Otra necesidad lícita y no menos viva del burgués, y especialmente del burgués
parisiense, es... se rouler dans l'herbe. Es el caso que el parisiense, al salir a las
afueras de la ciudad, gusta mucho, y hasta lo considera un deber, de tenderse en el
verde, cosa que hace hasta con cierta dignidad, sintiendo que así se une avec la
nature, gozando, sobre todo, si alguien lo ve. Por lo general, el parisiense, en las
afueras, estima su primer deber mostrarse más travieso, más chistoso y hasta más
fanfarrón; en una palabra: parecer más natural, más próximo a la nature. L’homme de
la nature et de la vérité! ¿No le vendrá de Jean Jacques, al burgués, ese vivo respeto a
la nature? Por lo demás, ambas necesidades: voir la mer y se rouler dans l'herbe, sólo
se permite el parisiense satisfacerlas cuando ya ha ahorrado un capitalito; en una
palabra: cuando empieza a estimarse a sí mismo, está ufano de su persona y se tiene
por un hombre. Se rouler dans l'herbe resultados, diez veces más agradable cuando lo
hace uno en su propio jardín, comprado con su dinero, fruto de su trabajo. Por lo
general, el burgués, al retirarse de los negocios, suele comprar acá o allá una
tierrecilla y hacerse su casa, con jardín, huerto y corral y una vaca.
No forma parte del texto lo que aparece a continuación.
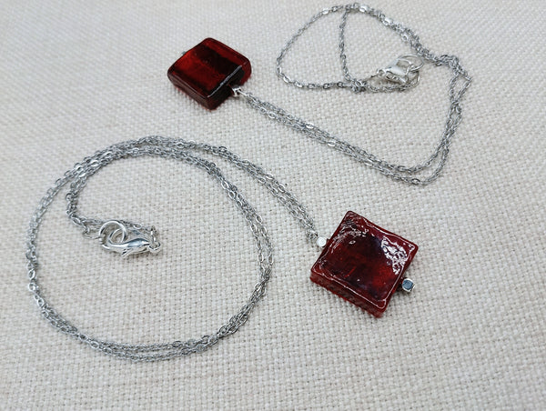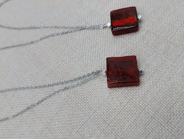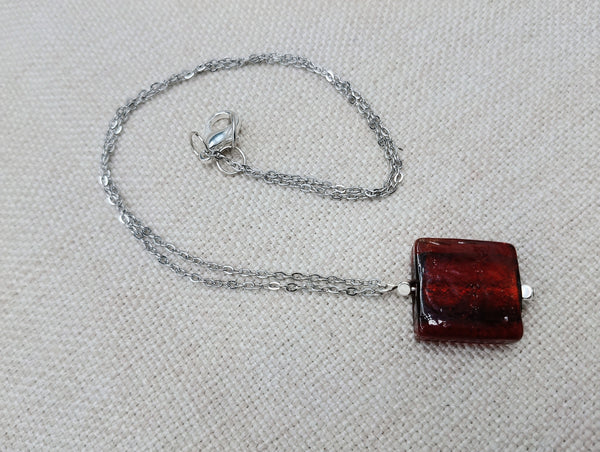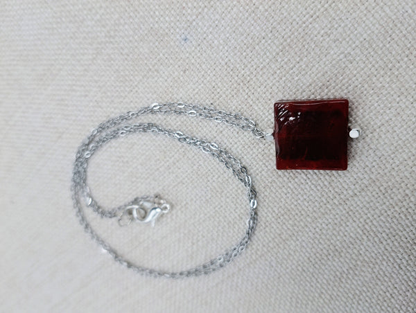 This stainless steel chain necklace which is 26 inches features a beautiful 1 inch pendant with a vibrant red amber glass center. The durable material and eye-catching design make it a versatile and stylish addition to any jewelry collection. Trust us for any questions or concerns.

Y aunque todo eso resulte minúsculo en punto a proporciones, es lo mismo: el
burgués siente el más infantil y conmovedor entusiasmo. Mon arbre, mon mur, dice
para sus adentros, y se lo dice a cuantos amigos invita, y toda su vida ya no hace otra
cosa. Pues bien: así es como da más gusto eso de se roule dans l'herbe. Para cumplir
con ese deber, mándase hacer, infaliblemente, una praderita delante de la casa. No sé
quién contaba que en casa de un burgués no crecía nunca la hierba en el sitio
destinado a pradera. Sembraba, regaba, arreglaba césped cogido de otro sitio: nada
salía ni crecía en la arena. Encontrábase el referido lugar delante de la casa. Entonces
fué el hombre y compró césped artificial, que fué a buscar a París; señaló en el jardín
un círculo para la hierba de una sachena de diámetro, y todos los días, después de las
comidas, cubría aquel trozo de hierba, para engañarse a sí mismo, satisfacer su
legítimo deseo y revolcarse en el verde. De la facultad que tiene el burgués de
entusiasmarse en los primeros momentos de su condición de propietario, no hay
duda; de suerte que la anécdota no tiene, moralmente nada de inverosímil.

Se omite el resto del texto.